##### DATASET SECTION #####

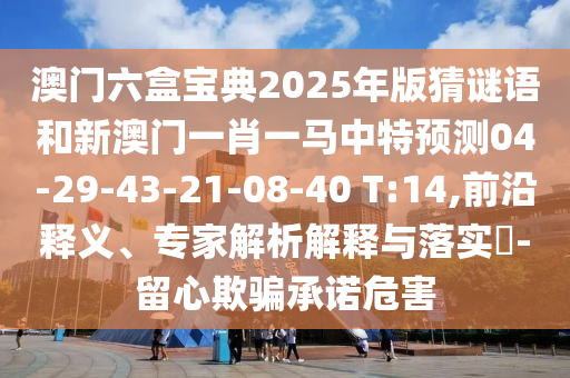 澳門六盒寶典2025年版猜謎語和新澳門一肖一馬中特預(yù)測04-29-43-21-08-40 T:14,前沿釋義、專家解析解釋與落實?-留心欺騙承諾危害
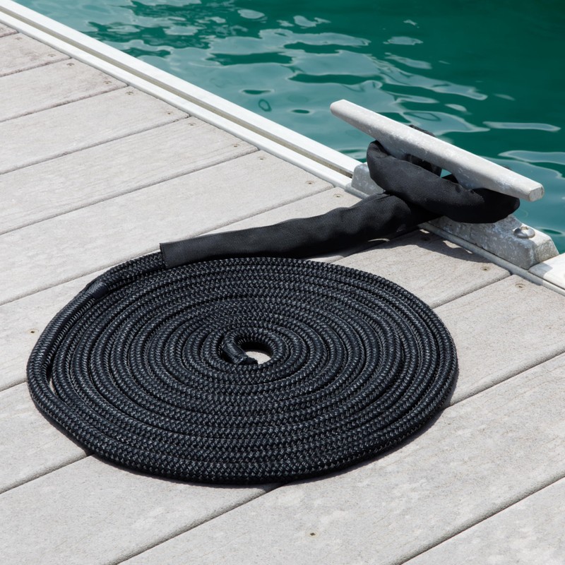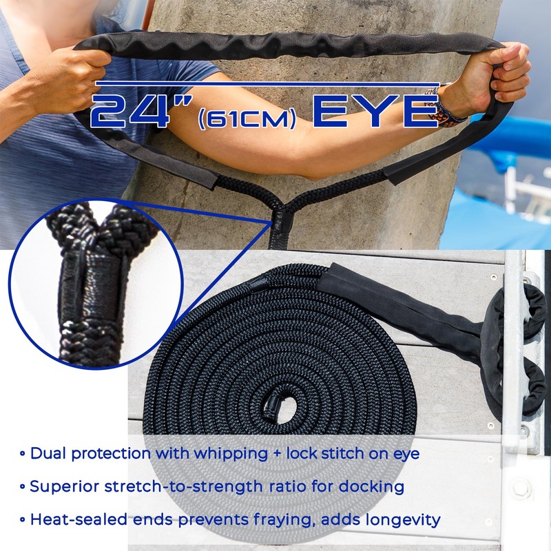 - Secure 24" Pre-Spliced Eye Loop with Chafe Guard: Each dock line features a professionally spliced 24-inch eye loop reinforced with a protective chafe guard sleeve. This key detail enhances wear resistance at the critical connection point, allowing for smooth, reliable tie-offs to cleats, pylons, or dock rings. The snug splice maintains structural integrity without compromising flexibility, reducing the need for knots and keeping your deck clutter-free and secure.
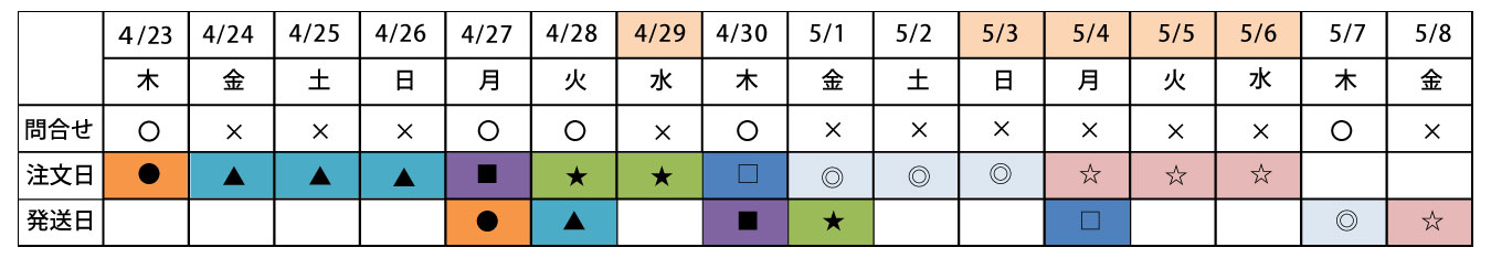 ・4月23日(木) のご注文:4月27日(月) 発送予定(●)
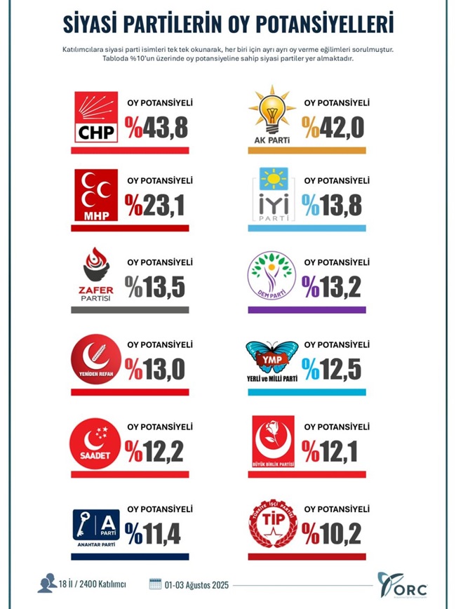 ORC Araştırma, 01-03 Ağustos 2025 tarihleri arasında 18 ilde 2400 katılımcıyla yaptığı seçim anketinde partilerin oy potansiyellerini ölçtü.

#####

The required response consists solely of the lines from the line containing "clutter-free and secure." through the end of the listing, both ends included, copied exactly without pictures.

 - Secure 24" Pre-Spliced Eye Loop with Chafe Guard: Each dock line features a professionally spliced 24-inch eye loop reinforced with a protective chafe guard sleeve. This key detail enhances wear resistance at the critical connection point, allowing for smooth, reliable tie-offs to cleats, pylons, or dock rings. The snug splice maintains structural integrity without compromising flexibility, reducing the need for knots and keeping your deck clutter-free and secure.
 ・4月23日(木) のご注文:4月27日(月) 発送予定(●)
 ORC Araştırma, 01-03 Ağustos 2025 tarihleri arasında 18 ilde 2400 katılımcıyla yaptığı seçim anketinde partilerin oy potansiyellerini ölçtü.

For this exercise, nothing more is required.